WolverineYou may recall reading a couple of weeks ago about an incomplete work print of X-Men Origins: Wolverine that was leaked online. Star Hugh Jackman reportedly reacted by saying he was “heartbroken,” a response in stark contrast to the emotional gravitas of his character in the movie – a stony-hearted, ill-tempered mutant with a skeleton made of indestructible metal, complete with retractable claws that jut out from behind his knuckles.

Jackman’s outcry came from a man well accustomed to overacting; since the original X-Men movie blitzed worldwide box office in 2000 he has made a handsome career of it. If you need inflated emotions delivered earnest-to-goodness with grand histrionic flair and not a trace of knowingness or self-conscious performance Jackman is your man, a fair dinkum middle-of-the-road movie star who seems to have drifted in from an older, simpler time, where a man always opened the door for a lady and never wore a hat inside.

There is a moment in Wolverine that would have been oddly prophetic had the movie come out a couple of years ago. The scene is set in a barn as a benevolent farmer looks at Jackman with soft, soulful eyes and says “you look like a man fixin’ to do a bad thing.” He’s right, but the prophecy came too late. The bad thing was called Baz Luhrmann’s Australia.

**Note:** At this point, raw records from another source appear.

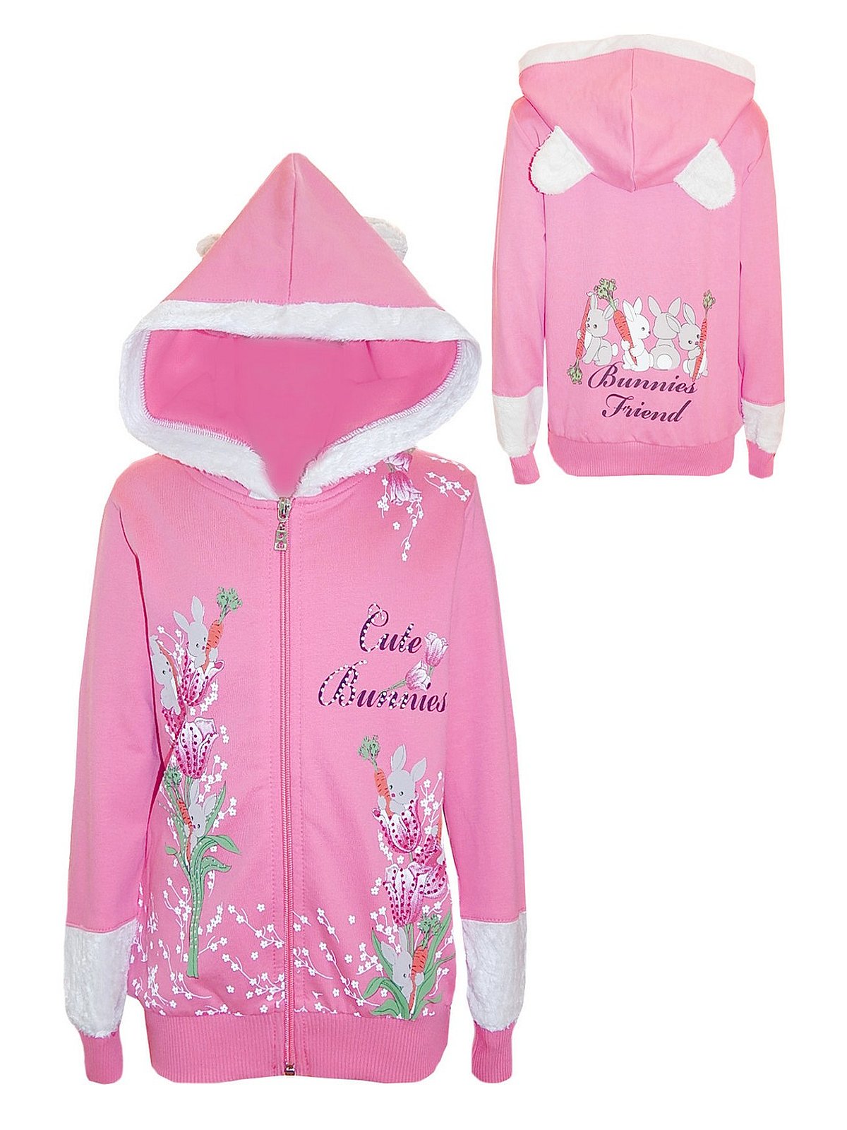 Толстовка с начесом с капюшоном с меховыми ушками. Украшена меховой аппликацией. Оттенок изделия может отличаться от представленного на фото!! Состав 95% хлопок 5;% эластан.Производство Турция.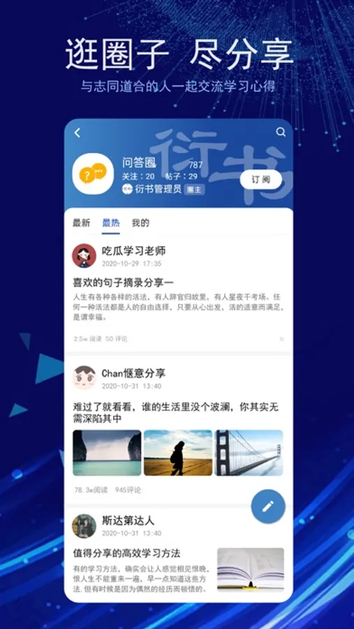 用户可以在这里参与老师组织的训练营、话题圈,巩固和探讨所学的实用知识。问答圈可以向老师定向发出邀约问题,得到专业老师的专属答案,还可以在全网邀约有识之士网罗所有待选解答。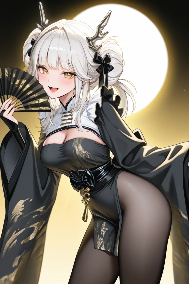 Blanc_White,white hair, long hair, blunt bangs, sidelocks, double bun, hair bun, yellow eyes,dragon horns, fake horns,japanese clothes, black dress, cleavage cutout, wide sleeves, long sleeves, pelvic curtain,back bow, black bow,black bodystocking,high heels, black footwear,nail polish, orange nails, black gloves, bridal gauntlets,hair ribbon, black ribbon, hair ornament, tassel,Optional: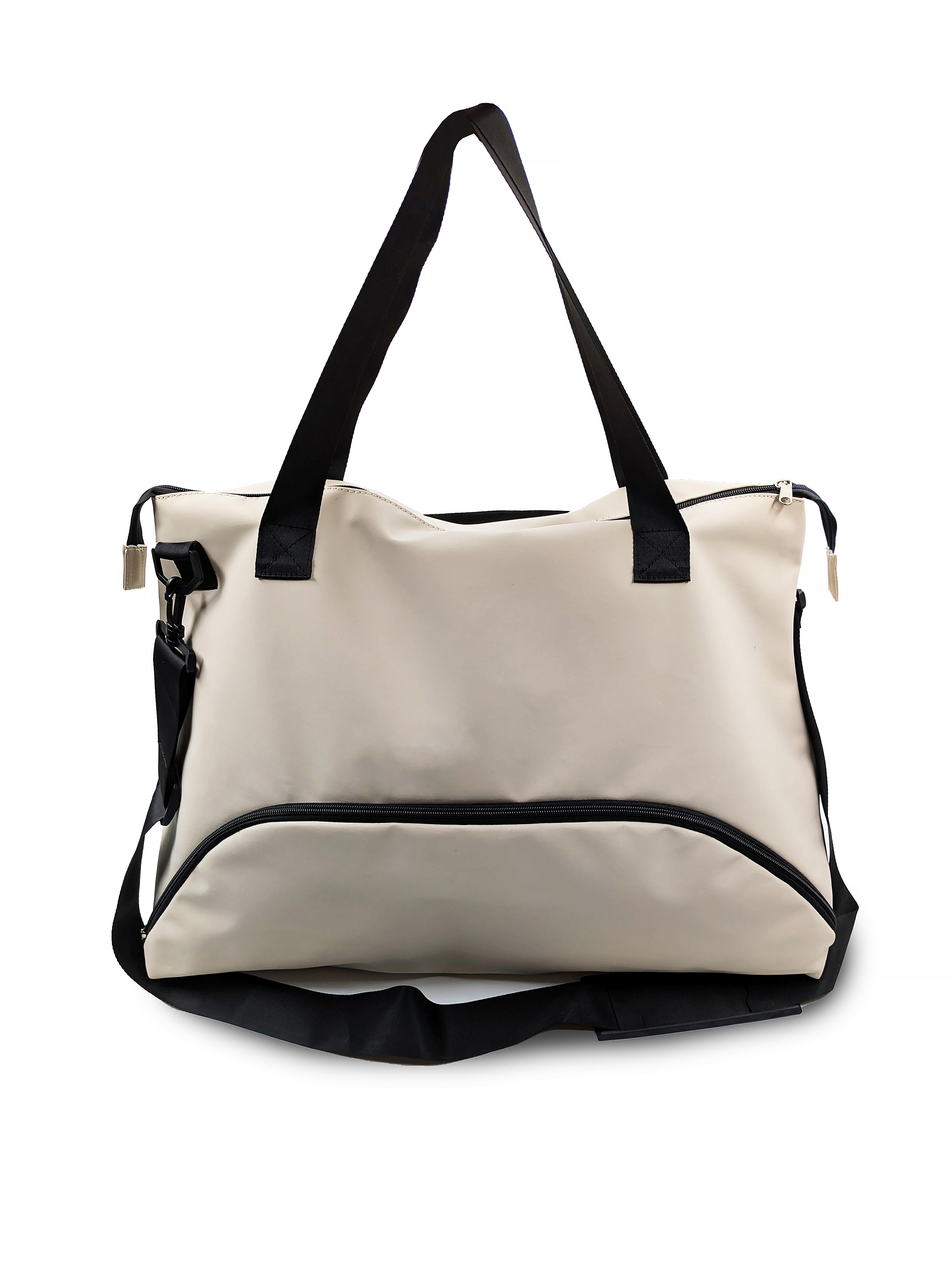 Maniglie e tracolla in colori in contrasto. Disponibile nelle colorazioni grigio/nero e avorio/nero.

The previous X-Men films were set in the not-too-distant future, but this one encompasses flashbacks that span 150 years. After growing into an adult Logan aka Wolverine (Jackman) doesn’t seem to be affected by the ageing process. He remains in stagnant, perfectly manicured manhood; if Hugh Jackman ever decided to get cryogenically frozen, those amorous abs scream out that now is the perfect time to do it.

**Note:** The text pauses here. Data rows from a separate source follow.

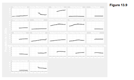 A more substantive analysis using mixed-effects regression to model relationships involving multiple time series appears in a paper on population, climate and electricity use in towns and villages of Arctic Alaska (Hamilton et al. 2011). Dataset Alaska_places.dta contains the core data for this analysis, consisting of annual time series for each of 42 towns and villages in Arctic Alaska, all within five of the census regions or boroughs graphed in Figure 13.9 above. Variables include community population, kilowatt hours of electricity sold, the average rate charged for electricity (in constant 2009 dollars), and estimates of the summer temperature and precipitation around that location each year. The paper supplies information about variable definitions, data sources and the context for this analysis.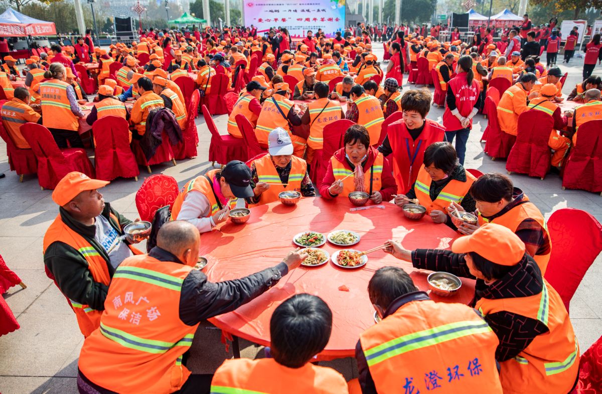 11月15日,在市区南风广场,运城市第一时间志愿者协会邀请环卫工吃饺子,为他们送去冬日里的温暖。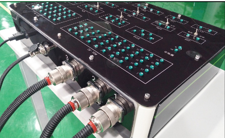 4、機(jī)械故障設(shè)置終端通過更換面板上不同功能的插件和短路跨接線實(shí)現(xiàn)斷路、線路虛接、對(duì)地短路、對(duì)正極短路故障設(shè)置,在機(jī)械故障設(shè)置終端不變的情況下更換不同的連接線束和檢測面板可實(shí)現(xiàn)不同系統(tǒng)的實(shí)訓(xùn)操作;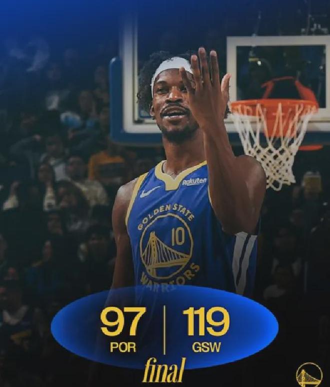 说回比赛,没有阿夫迪亚的开拓者,实力断崖式下滑,客场面对勇士毫无还手之力,97-119大比分落败。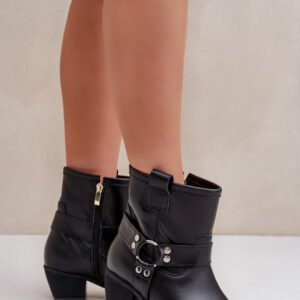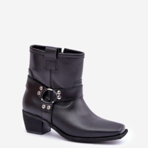Damskie botki z naturalnej skóry to stylowy model, idealny na chłodniejsze dni. Osadzone na stabilnym obcasie typu słupek, zapewniają wygodę i subtelnie wydłużają sylwetkę. Zapinane na zamek dla łatwego zakładania, a zaokrąglone noski z kwadratową podeszwą nadają im nowoczesnego charakteru. Cholewkę zdobią paski z ozdobnym elementem, co dodaje elegancji i przyciąga wzrok. Te wyjątkowe botki doskonale sprawdzą się zarówno w casualowych, jak i bardziej formalnych stylizacjach, łącząc wygodę z modnym designem.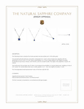 The following stones comprise the lovely pendant and are entirely set in 18K white gold. The pendant primarily features a beautiful, transparent 0.61 carat cushion shape blue sapphire with the dimensions of 5.65 x 4.99 x 2.13 mm and is mixed brilliant cut. It has a clarity grade of very slightly included (evaluated at eye level), intense color intensity, and an excellent polish. The origin of this sapphire is Ceylon (Sri Lanka). Also featured in the pendant are 27 white round shaped mixed brilliant cut natural diamonds, weighing a total of 0.37 carats. The natural diamonds have a clarity grade of vvs1 - Very Very Slightly Included., F color

The crux of the story sprouts from a hero/villain dynamic between Logan and his brother Victor aka Sabretooth (Liev Schreiber), which begins when they are young scallywags with dark secrets. Director Gavin Hood moves quickly into an arresting opening credits sequence reminiscent of the faux historical superhero montage in Watchmen, with Logan and Victor breathlessly depicted fighting in the American Civil War, WWI, WWII and Vietnam.

Years later they’re working for the man in Team X, a black ops unit comprised of other mutants and led by government bad guy Stryker (Danny Huston). Logan takes a moral objection to the team’s violent undertakings and quits life as a mutant, starting afresh as a lumberjack – a smart storytelling move given any character that sets off to work brandishing an axe and a cut lunch is well within Jackman’s range. An accountant or university professor, not so much.

Logan lives with his girlfriend in a cabin on a prairie, which, amusingly, is situated about two metres from the edge of a massive cliff face, and he resides here peacefully and free of vertigo until the day his brother comes to visit. When Victor slashes apart Logan’s love interest, well, this time it’s extra-personal. Logan grudgingly seeks the collaboration of Stryker, the Frankenstein of the story who, as you do, arranges to have Logan’s skeleton bonded to an impenetrable metal alloy called adamantium.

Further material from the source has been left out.